> _Work to complete_
When you retype the records that follow, keep each word as it is and drop any pictures.

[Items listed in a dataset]
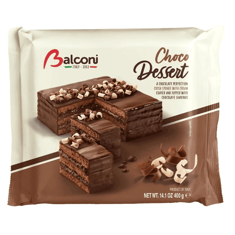Balconi Choco Dessert is a classic Italian sponge cake with a rich chocolate liqueur filling, cocoa frosting, and chocolate shavings. This luxurious treat is perfect for sharing as an after-dinner treat. Pair this Italian dessert with espresso, tea, or even a glass of dessert wine. You can also add this chocolate-flavored cake to a gift basket for anyone with a sweet tooth.
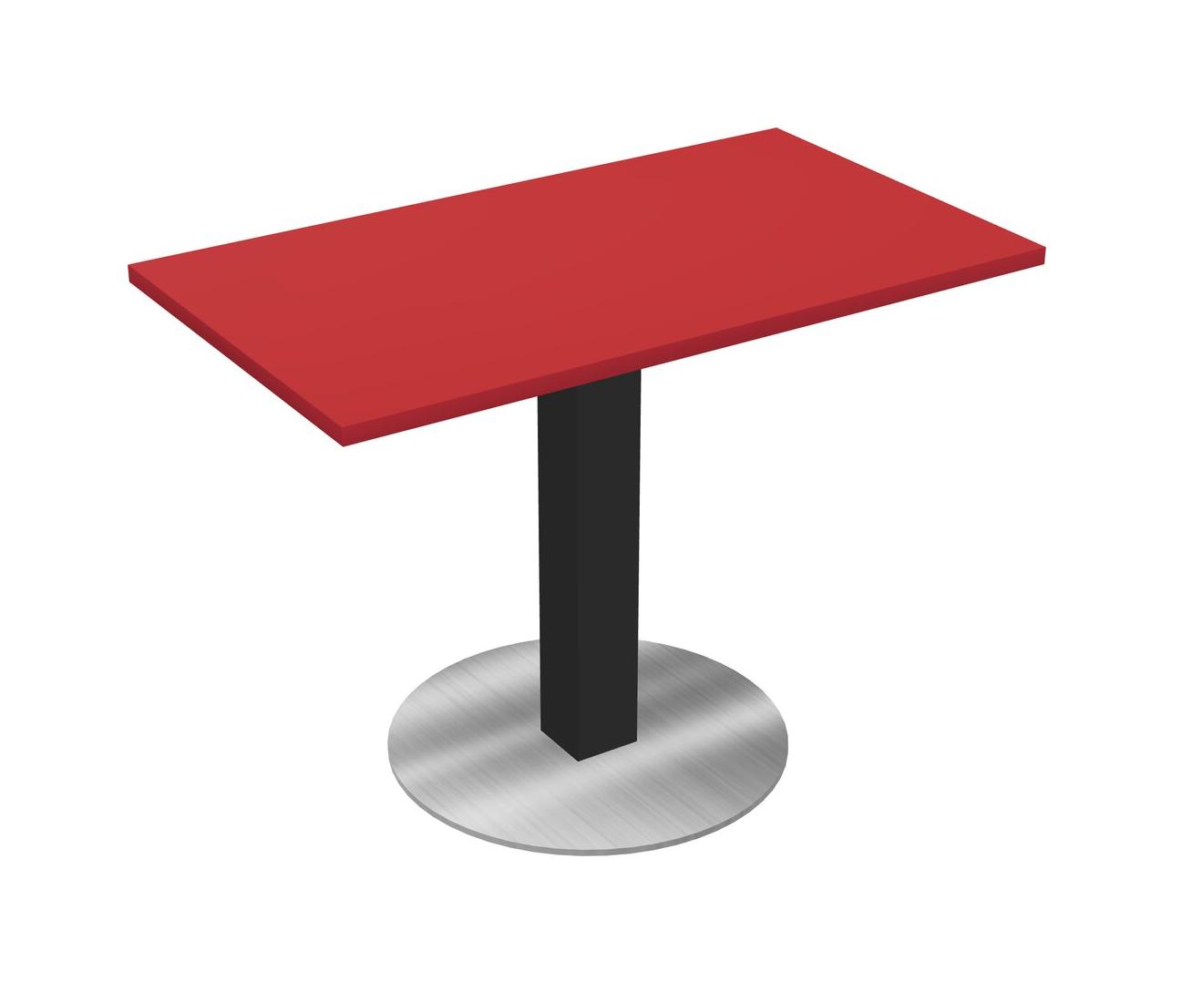 Table Modulaire Pour Bureau, Restaurant, Cafétéria, Salle De Pause Et Service De Restauration, Avec Plateau Rouge Prismatique, Pieds Carrés Noirs Et Base Ronde Chromée
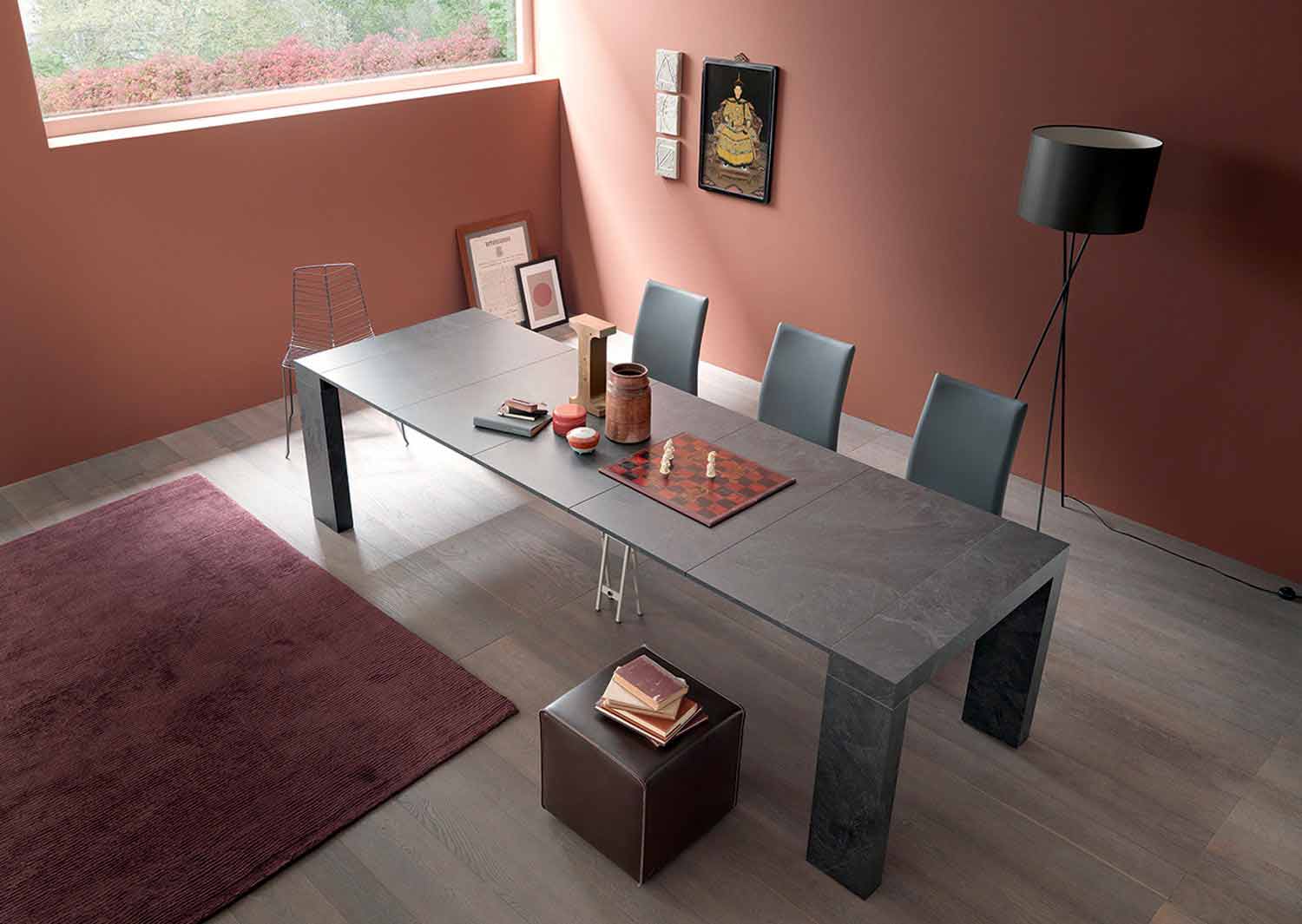 uitschuifbare console wordt geschetst door een belangrijk en monumentaal ontwerp dat op een schilderachtige en functionele manier de hoofdrolspeler van de kamer wordt.
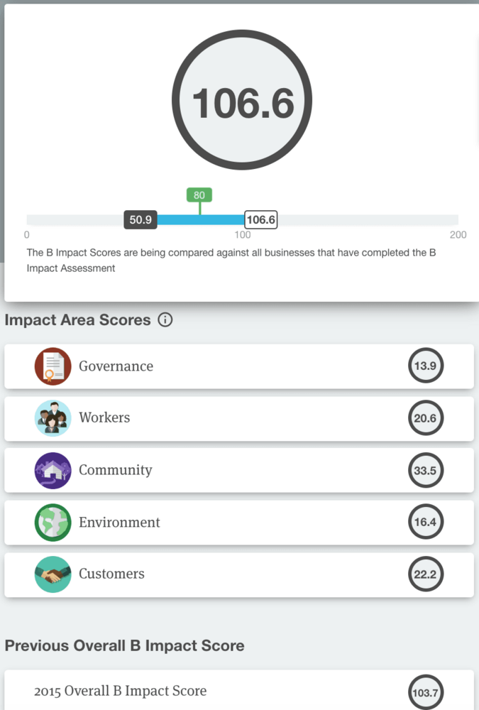 Fairphone’un en önemli özelliği, sonradan “iyi şirket” olma yoluna girmek yerine daha kurulduğu 2013 yılından itibaren iyi bir şirket ve sosyal bir girişim olarak yapılandırılması. İyi bir sosyal etki yaratmak da zaten şirketin temel misyonu. Yine de B Corp sertifikası almak için 2 yıl boyunca yoğun bir çalışma yapmış şirket. Daha sertifikayı aldığı 2015 yılında bile B Etki Değerlendirmesi raporundaki iyilik puanının (Overall B Impact Score) 103,7 olduğunu görüyoruz. Üstelik şirket yerinde saymamış. Bugün bu puanın 106,6’ya yükselmiş olduğu görülüyor.
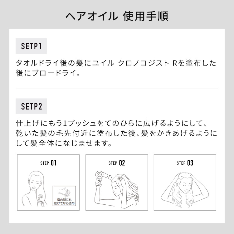 - 「30歳 女性 ⭐⭐⭐⭐⭐ 使い始めて髪がとても柔らかくなり、触れる度に幸せな気持ちになります。」
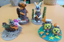 Осенние поделки из еловых и сосновых шишек./ Чыршы һәм нарат күркәләреннән көзге эшләнмәләр.
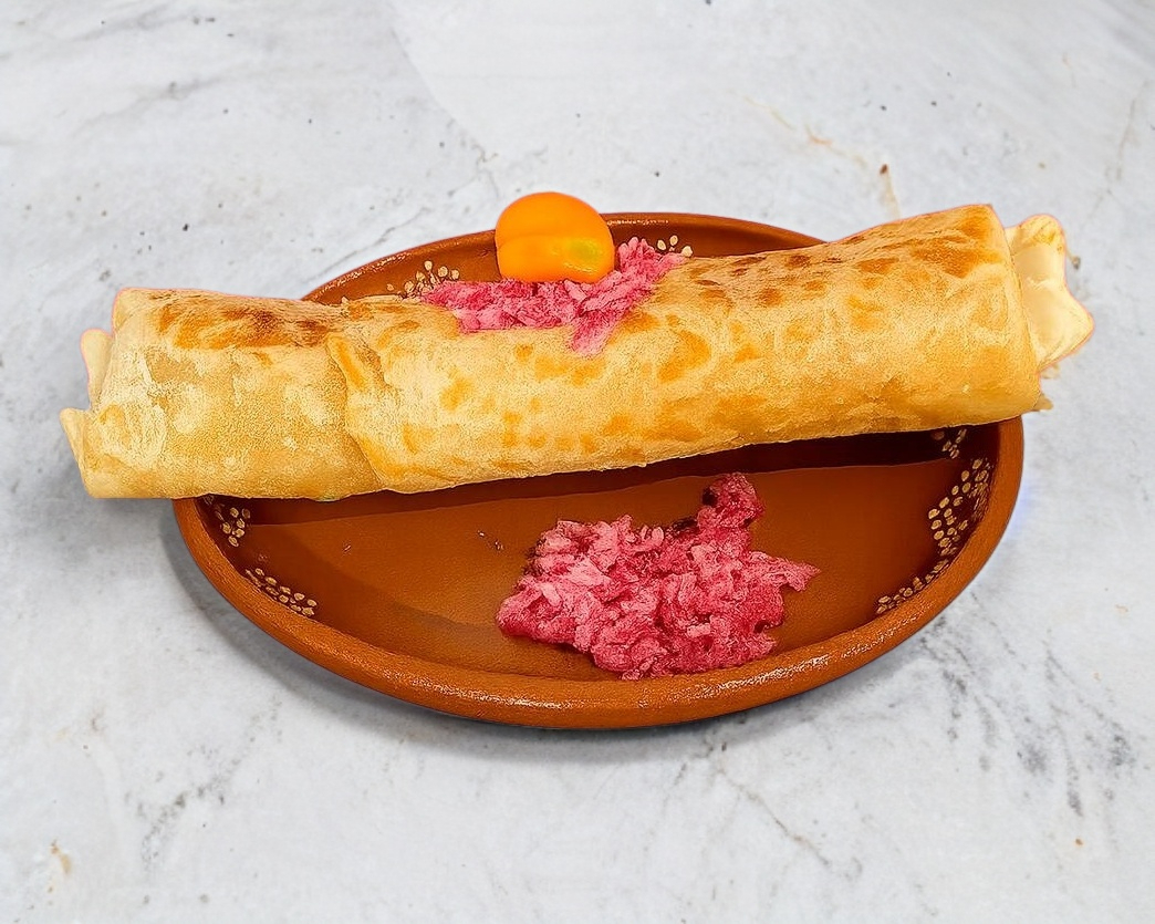 ¡La combinación perfecta! Tortilla de harina con nuestra cochinita pibil y una deliciosa costra de queso fundido que te hará querer más.
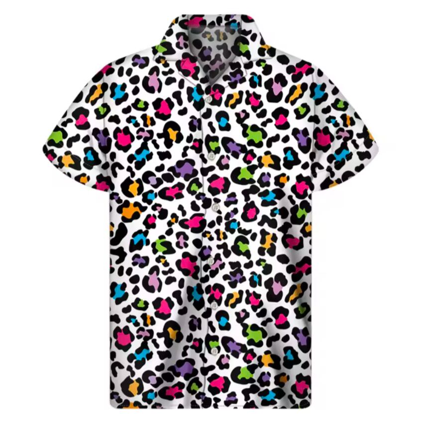 カラフルヒョウ柄 ハワイアンアロハシャツ
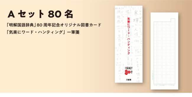Aセット 『明解国語辞典』80周年記念オリジナル図書カード+「気楽にワード・ハンティング」一筆箋

> _The answer_
Balconi Choco Dessert is a classic Italian sponge cake with a rich chocolate liqueur filling, cocoa frosting, and chocolate shavings. This luxurious treat is perfect for sharing as an after-dinner treat. Pair this Italian dessert with espresso, tea, or even a glass of dessert wine. You can also add this chocolate-flavored cake to a gift basket for anyone with a sweet tooth.
 Table Modulaire Pour Bureau, Restaurant, Cafétéria, Salle De Pause Et Service De Restauration, Avec Plateau Rouge Prismatique, Pieds Carrés Noirs Et Base Ronde Chromée
 uitschuifbare console wordt geschetst door een belangrijk en monumentaal ontwerp dat op een schilderachtige en functionele manier de hoofdrolspeler van de kamer wordt.
 Fairphone’un en önemli özelliği, sonradan “iyi şirket” olma yoluna girmek yerine daha kurulduğu 2013 yılından itibaren iyi bir şirket ve sosyal bir girişim olarak yapılandırılması. İyi bir sosyal etki yaratmak da zaten şirketin temel misyonu. Yine de B Corp sertifikası almak için 2 yıl boyunca yoğun bir çalışma yapmış şirket. Daha sertifikayı aldığı 2015 yılında bile B Etki Değerlendirmesi raporundaki iyilik puanının (Overall B Impact Score) 103,7 olduğunu görüyoruz. Üstelik şirket yerinde saymamış. Bugün bu puanın 106,6’ya yükselmiş olduğu görülüyor.
 - 「30歳 女性 ⭐⭐⭐⭐⭐ 使い始めて髪がとても柔らかくなり、触れる度に幸せな気持ちになります。」
 Осенние поделки из еловых и сосновых шишек./ Чыршы һәм нарат күркәләреннән көзге эшләнмәләр.
 ¡La combinación perfecta! Tortilla de harina con nuestra cochinita pibil y una deliciosa costra de queso fundido que te hará querer más.
 カラフルヒョウ柄 ハワイアンアロハシャツ
Aセット 『明解国語辞典』80周年記念オリジナル図書カード+「気楽にワード・ハンティング」一筆箋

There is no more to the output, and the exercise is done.